# Curve fitting by Genetic Algorithm

11 views (last 30 days)
Juan Castillo on 18 Oct 2019
Commented: Star Strider on 23 Oct 2019
Hi everybody, I have a very simple theoric problem but I don't know how to resolve it.
I just wanna do a curve fitting like this:
I want the red line to fit the red dashed one as much as possible in the [0.3 - 0.6] interval.
The red line is a 100x1 vector (x-axis) and 100x1 vector (y-axis).

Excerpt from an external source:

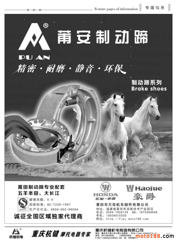 經過幾次改刊后的發行情況來看,我們這種根據市場變化靈活出刊的形式逐步被企業所認可。在發行上我們也是沒有打折扣,月出刊兩期后,黑白的內容要比過去豐富得多,可讀性也在增強。六月變單期后,我們另增加8頁黑白的文字信息內容,黑白每期為40頁。由于北方市場和南方市場淡旺季同期相反,所以在南方的淡季里,我們雜志在北方市場的發行數量將增加。不管南北市場淡旺不同,對我們來說,我們仍將一如既往地做好我們的工作。從今年6月份開始,我們工作人員將分別去福建、浙江、安徽和江西四省,走訪調研這四省的摩配市場,并將派送上萬份《外貿報》和工具書《配件生產企業大全》。同時,我們還將收集市場的最新資料,為下半年的《華東市場指南》做出書的準備工作。目前這項工作進展順利,廣告征集也在穩步進行。完成這些省份的調研工作,我們的信息采集工作也就到了收官階段。工作進展快的話,我們就會提前結束這本書的編排。在10月24日的南京全摩會上,大家就可以看到這本書了。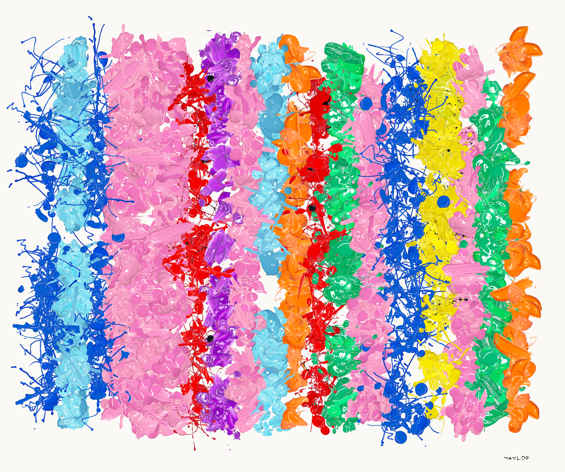 These rugs are different. 1000 unique paintings randomly generated with p5.js. Each rug is stitched with hundreds of images of real paint on canvas and paper

The red dashed curve is given by this equation (much longer, cropped here):
function [ d2 ] = d2_current( alpha,beta,phi,N,V )
d2 = (4903985730770845.*N.*(((exp(alpha.*(phi - V.*(beta - 1))) + 1).*((alpha.^2.*beta.^2.*exp(alpha.*...
end
Where V is the dependent variable, the previous 100x1 vector (x-axis) corresponding to the [0.3 - 0.6] interval.
The equation depends on 4 independent parameters, each one of them may be included in these intervals:
beta; from to a 1
alpha; from 0 to 15
N; from 0 to 300
phi; from 0 to 3
I have to vary these parameters in order to obtain the best fitting, note that the parameters value must be the same for one single fitting.
The first thing I did was 4 different 'for' loops for each parameter and try to compare each single result with the red curve my means of the euclidean distance. (simplified code):
cont = 0;
for beta = 0:0.01:1
for alpha = 0:0.01:15
for N = 0:1:300
for phi = 0:0.01:3
distance_euclidean(cont,1) = norm(current_red_curve - current_red_dashed_curve);
cont = cont + 1;
end
end
end
end
minim_eucl = min(distance_euclidean);
The minimum euclidean distance would be the best fitting. For the graph example:
beta = 1;
alpha = 15;
N = 300;
phi = 0.45;
Everything is fine until this point, but there's a big problem: the computing time is just huge when the step in the 4 intervals decreases (needed because of the poor fitting).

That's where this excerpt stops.